Олег Гор - Просветленные не ходят на работу
Услышав подобное, я содрогнулся, но в то же время мне стало намного легче – глупо расстраиваться по поводу каких-то статуэток, если ты можешь потерять часть собственного тела!
– И ты думаешь, она переживала из-за этой потери? Что-то я в этом сомневаюсь.

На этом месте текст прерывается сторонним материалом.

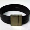 Bracelet cuir homme composé d’un bandeau de cuir monté sur un fermoir magnetique en métal argenté.

– Ну да, мне до такого самоотречения далеко… – проворчал я.
– Каждый обладает возможностью познать истину, и все в этом смысле равны, – сказал монах. – А теперь я скажу, что произойдет благодаря тому, что я сделал с твоими бодхисаттвами. На основе этой груды щепок через несколько лет возникнет муравейник. Насекомые из него уничтожат змеиные яйца, одно из которых в ином случае произвело бы на свет ядовитого гада. Ну а тот укусил бы еще не родившегося мальчика из знакомой тебе деревни, и тот бы умер.
– Что, правда? – недоверчиво спросил я.
Брат Пон вряд ли способен на ложь, но он может запросто выдумать эту историю, чтобы проиллюстрировать некие принципы.
– Нет ничего строго определенного в этом мире, но такой вариант очень вероятен.
– А как же те статуэтки, которые вы показывали мне? – озвучил я, наконец, тот вопрос, что так и рвался на язык. – Почему они сохранились? Ведь смерть заберет их?
Монах рассмеялся.
– Я знал, что ты спросишь! Первый комплект, изготовленный мной в ученичестве, мой наставник швырнул в огонь, после чего я едва не бросился на него с кулаками. Бодхисаттвы, послужившие тебе образцами, вырезаны мной намного позже, когда я стал куда более пустым… Я к ним совершенно не привязан, могу уничтожить в любой момент. Возможно, когда-то и ты обзаведешься своим комплектом, и поверь, создать второй будет намного легче, чем первый.
Ополоснув миску, я убедился, что не пропустил ни комочка риса, ни кусочка овощей, и отставил ее к остальным.
Все, с мытьем посуды покончено, нужно отнести ее на кухню…
Но, повернувшись, я обнаружил, что на берегу, рядом с мостками стоит непонятно откуда взявшийся брат Пон.
– Погоди, не спеши, – сказал он, не отрывая взгляда от другого берега, что едва просматривался сквозь дымку. – Думал ли ты о том, как будешь жить, когда вернешься?
– Вы отучили меня беспокоиться о будущем, – и, помявшись, я без охоты признался: – Хотя иногда я все же размышляю, что ждет меня там, среди людей, знавших меня совсем другим.
– Насчет этого можешь не беспокоиться. Люди не отличаются наблюдательностью. Мало кто заметит, что ты изменился.
Я пожал плечами.
– Поначалу тебе придется особенно тяжело, – продолжил брат Пон, задумчиво водя по воде кончиком посоха. – Старые привычки и способы восприятия, на которых базировался твой мир, разрушены, и многие безвозвратно, новые же будут тебе скорее мешать, чем помогать… Ты попытаешься жить там так же, как жил здесь, и у тебя не получится, и тогда наступит разочарование в том, чему я учил тебя.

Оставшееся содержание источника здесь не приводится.